- [Instructions to follow]:
From the listing that follows, reproduce only the lines from the one holding "Auch bei den" through the one holding "Делова женщина отдыхает на природе", both included, with no pictures.

- [Input data]:

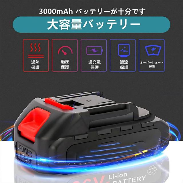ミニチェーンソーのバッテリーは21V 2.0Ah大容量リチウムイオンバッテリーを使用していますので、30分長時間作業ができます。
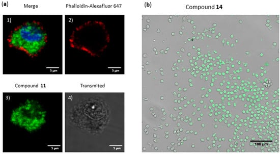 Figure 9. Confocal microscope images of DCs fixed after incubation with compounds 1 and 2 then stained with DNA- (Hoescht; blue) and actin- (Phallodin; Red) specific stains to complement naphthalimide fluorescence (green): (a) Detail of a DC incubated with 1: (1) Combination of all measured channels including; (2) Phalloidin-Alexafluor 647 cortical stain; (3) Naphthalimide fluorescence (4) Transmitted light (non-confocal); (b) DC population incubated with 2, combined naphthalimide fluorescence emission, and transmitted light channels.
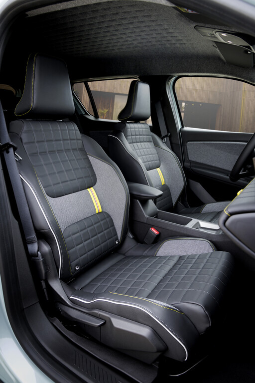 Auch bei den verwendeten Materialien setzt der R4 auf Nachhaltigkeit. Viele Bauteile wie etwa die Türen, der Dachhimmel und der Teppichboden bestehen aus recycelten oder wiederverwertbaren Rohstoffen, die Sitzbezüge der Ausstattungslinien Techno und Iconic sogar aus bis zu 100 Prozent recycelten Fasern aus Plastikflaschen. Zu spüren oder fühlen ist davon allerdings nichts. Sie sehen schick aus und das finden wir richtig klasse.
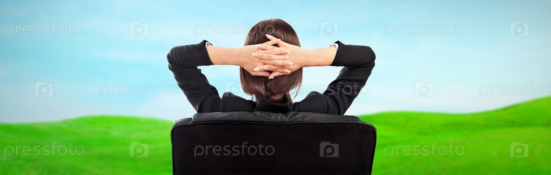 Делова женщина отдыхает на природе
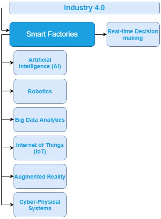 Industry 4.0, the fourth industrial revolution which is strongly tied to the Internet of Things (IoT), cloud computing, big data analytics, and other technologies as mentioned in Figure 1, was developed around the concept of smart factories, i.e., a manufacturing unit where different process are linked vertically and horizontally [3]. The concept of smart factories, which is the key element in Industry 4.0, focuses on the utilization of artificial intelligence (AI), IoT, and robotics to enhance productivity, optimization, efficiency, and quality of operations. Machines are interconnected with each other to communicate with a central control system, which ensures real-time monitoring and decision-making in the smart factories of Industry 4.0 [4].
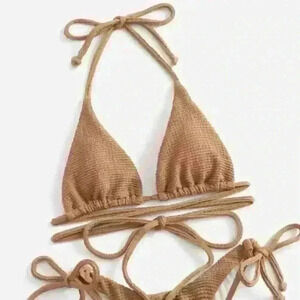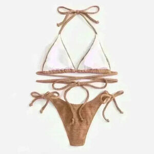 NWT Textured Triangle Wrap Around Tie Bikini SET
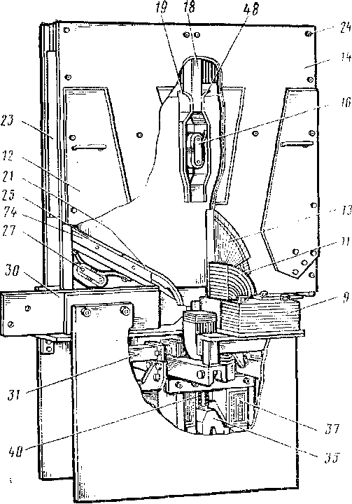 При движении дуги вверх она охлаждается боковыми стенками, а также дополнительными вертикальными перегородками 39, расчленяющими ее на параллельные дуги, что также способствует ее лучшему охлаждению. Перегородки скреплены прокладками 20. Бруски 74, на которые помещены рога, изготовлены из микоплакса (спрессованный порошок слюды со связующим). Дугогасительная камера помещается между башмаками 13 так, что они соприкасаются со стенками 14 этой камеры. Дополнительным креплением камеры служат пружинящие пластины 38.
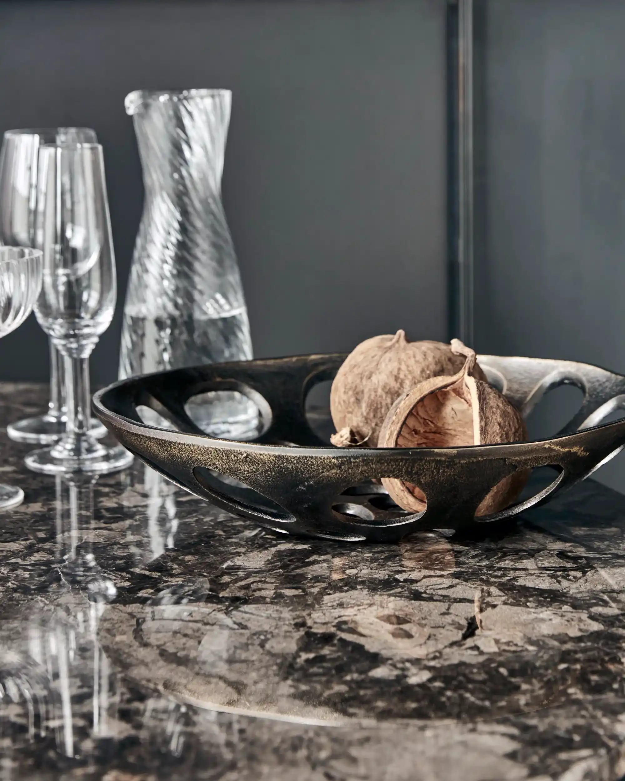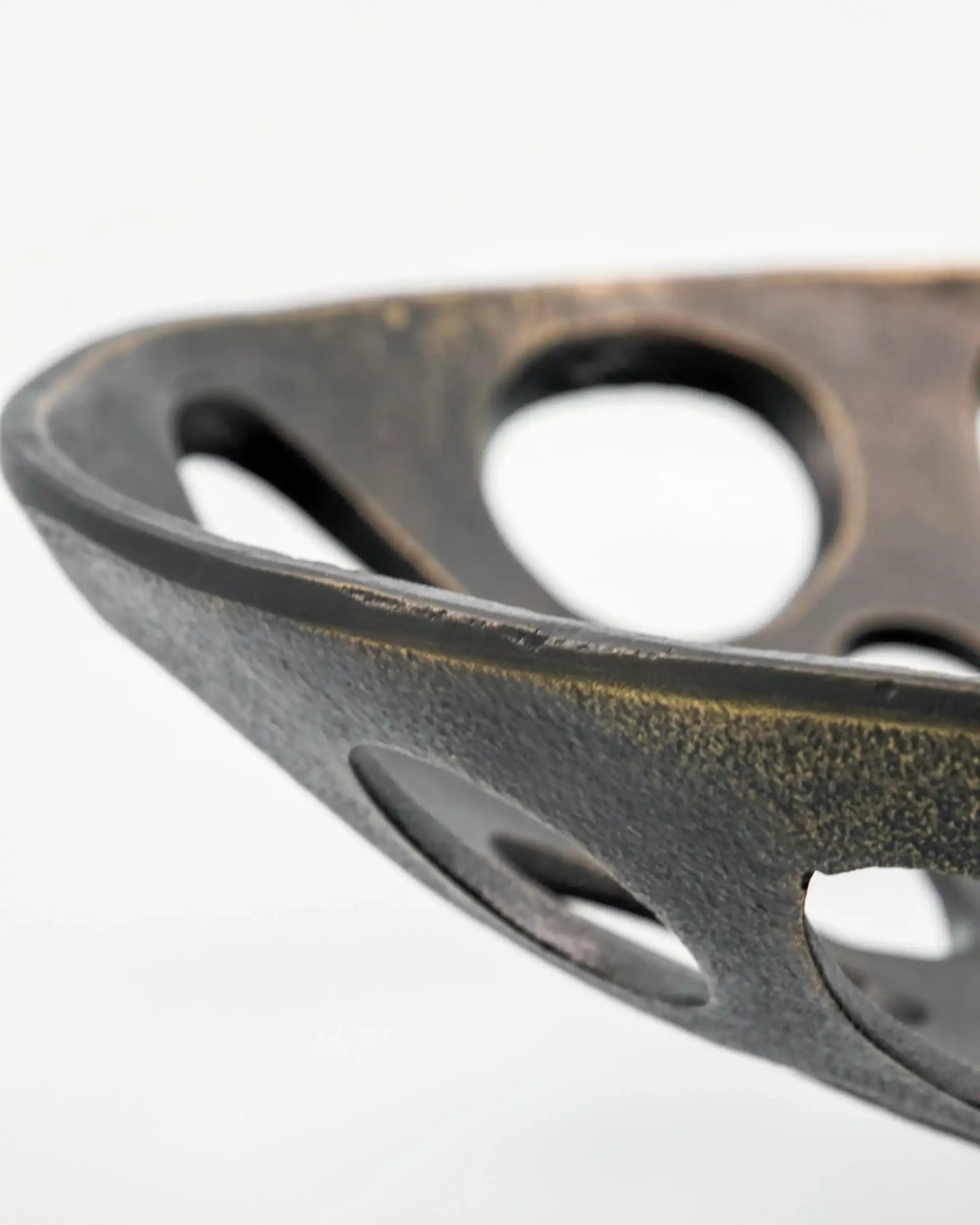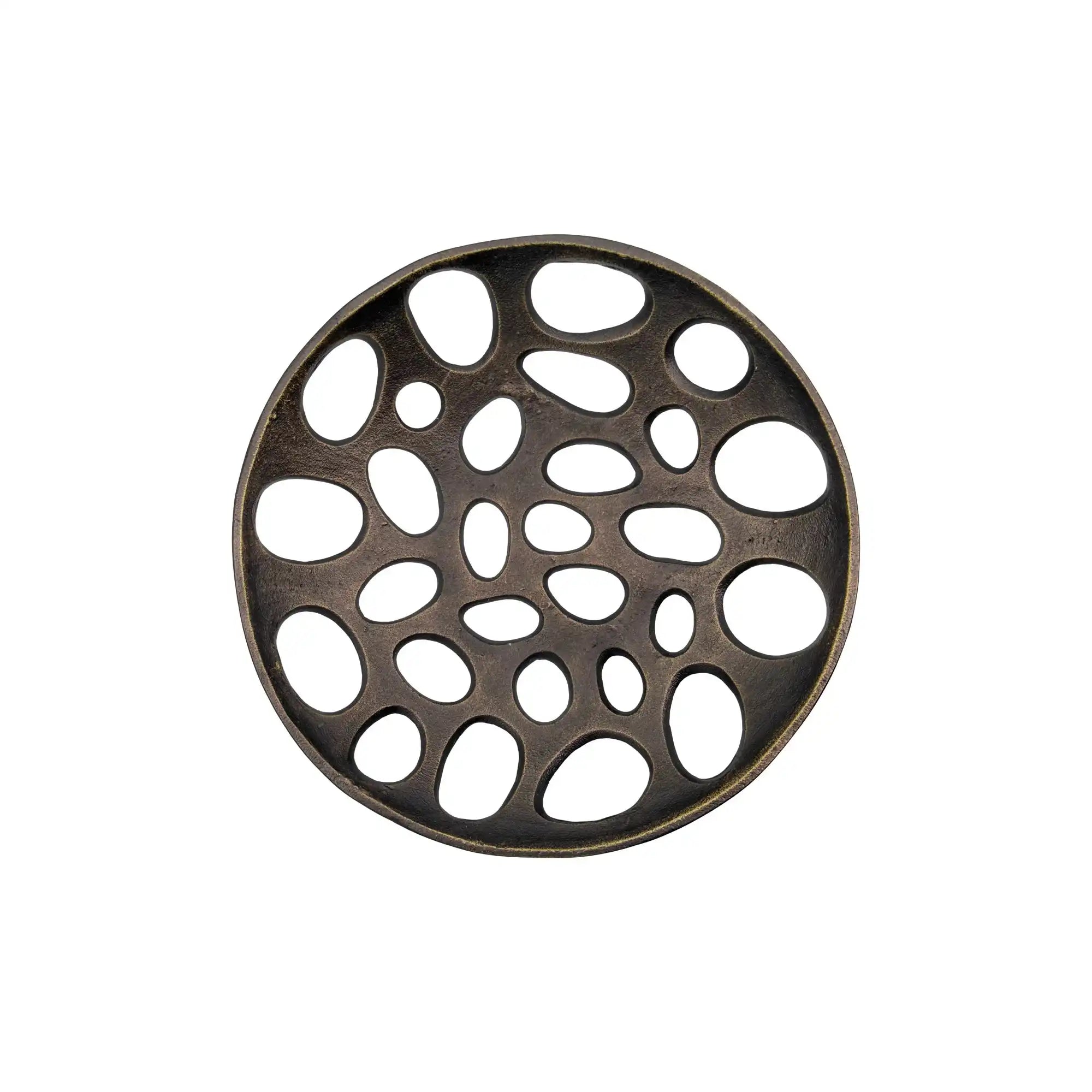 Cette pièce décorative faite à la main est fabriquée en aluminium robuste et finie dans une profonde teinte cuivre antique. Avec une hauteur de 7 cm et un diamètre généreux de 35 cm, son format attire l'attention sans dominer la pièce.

* * *

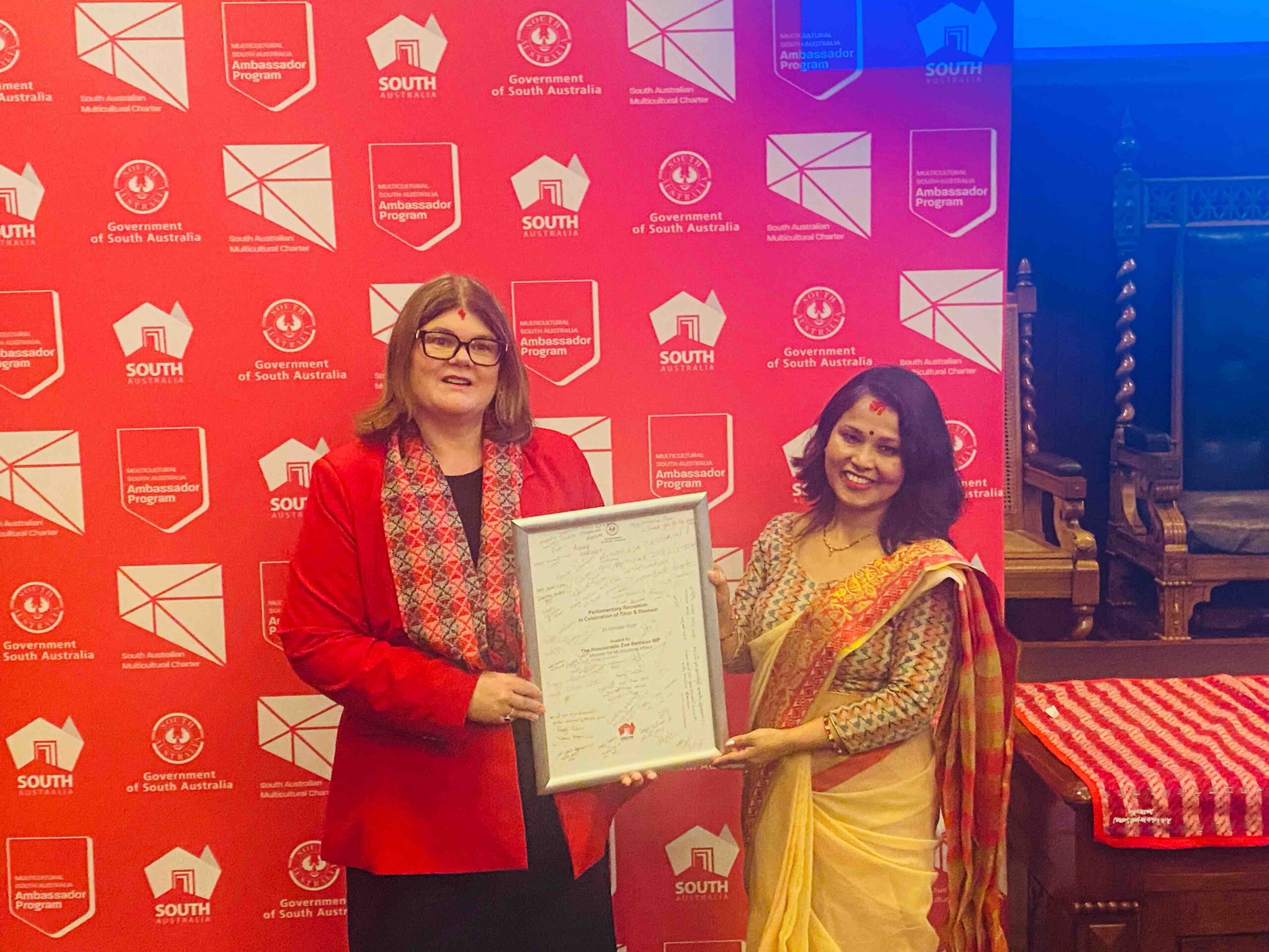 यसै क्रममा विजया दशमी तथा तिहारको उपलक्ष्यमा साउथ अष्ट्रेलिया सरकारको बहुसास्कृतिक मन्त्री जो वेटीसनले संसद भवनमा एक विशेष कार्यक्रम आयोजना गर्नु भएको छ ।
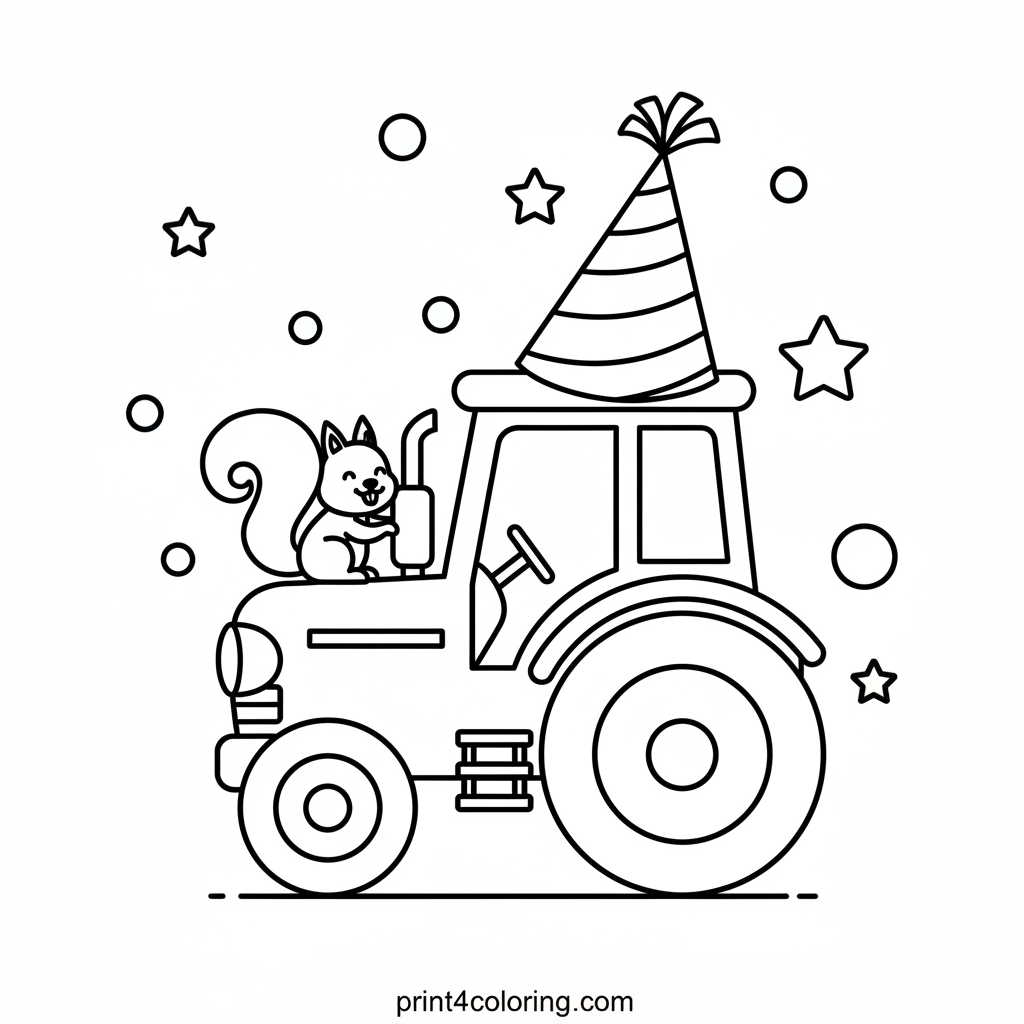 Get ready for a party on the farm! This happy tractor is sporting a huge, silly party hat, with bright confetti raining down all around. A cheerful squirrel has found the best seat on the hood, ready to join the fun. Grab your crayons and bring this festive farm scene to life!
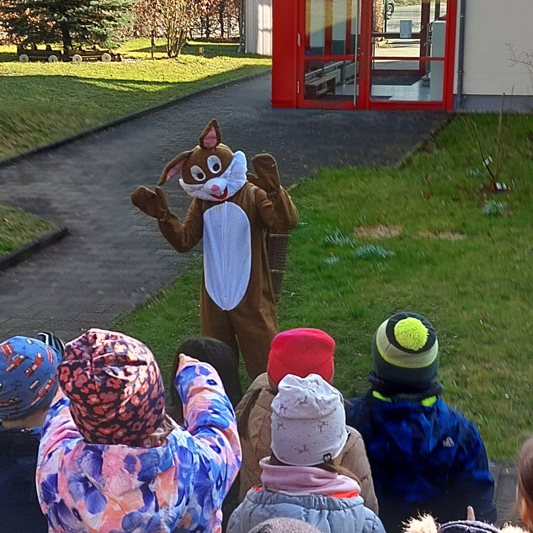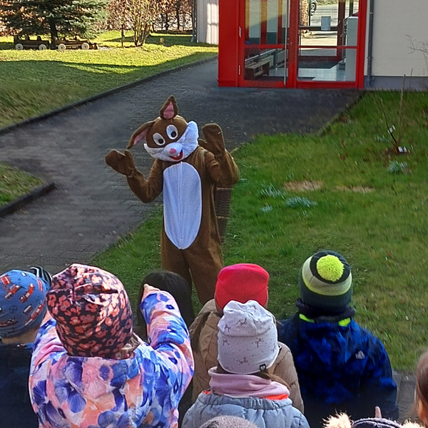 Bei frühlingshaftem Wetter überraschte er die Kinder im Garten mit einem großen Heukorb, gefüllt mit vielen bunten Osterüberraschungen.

- [Solution to this task]:
 Auch bei den verwendeten Materialien setzt der R4 auf Nachhaltigkeit. Viele Bauteile wie etwa die Türen, der Dachhimmel und der Teppichboden bestehen aus recycelten oder wiederverwertbaren Rohstoffen, die Sitzbezüge der Ausstattungslinien Techno und Iconic sogar aus bis zu 100 Prozent recycelten Fasern aus Plastikflaschen. Zu spüren oder fühlen ist davon allerdings nichts. Sie sehen schick aus und das finden wir richtig klasse.
 Делова женщина отдыхает на природе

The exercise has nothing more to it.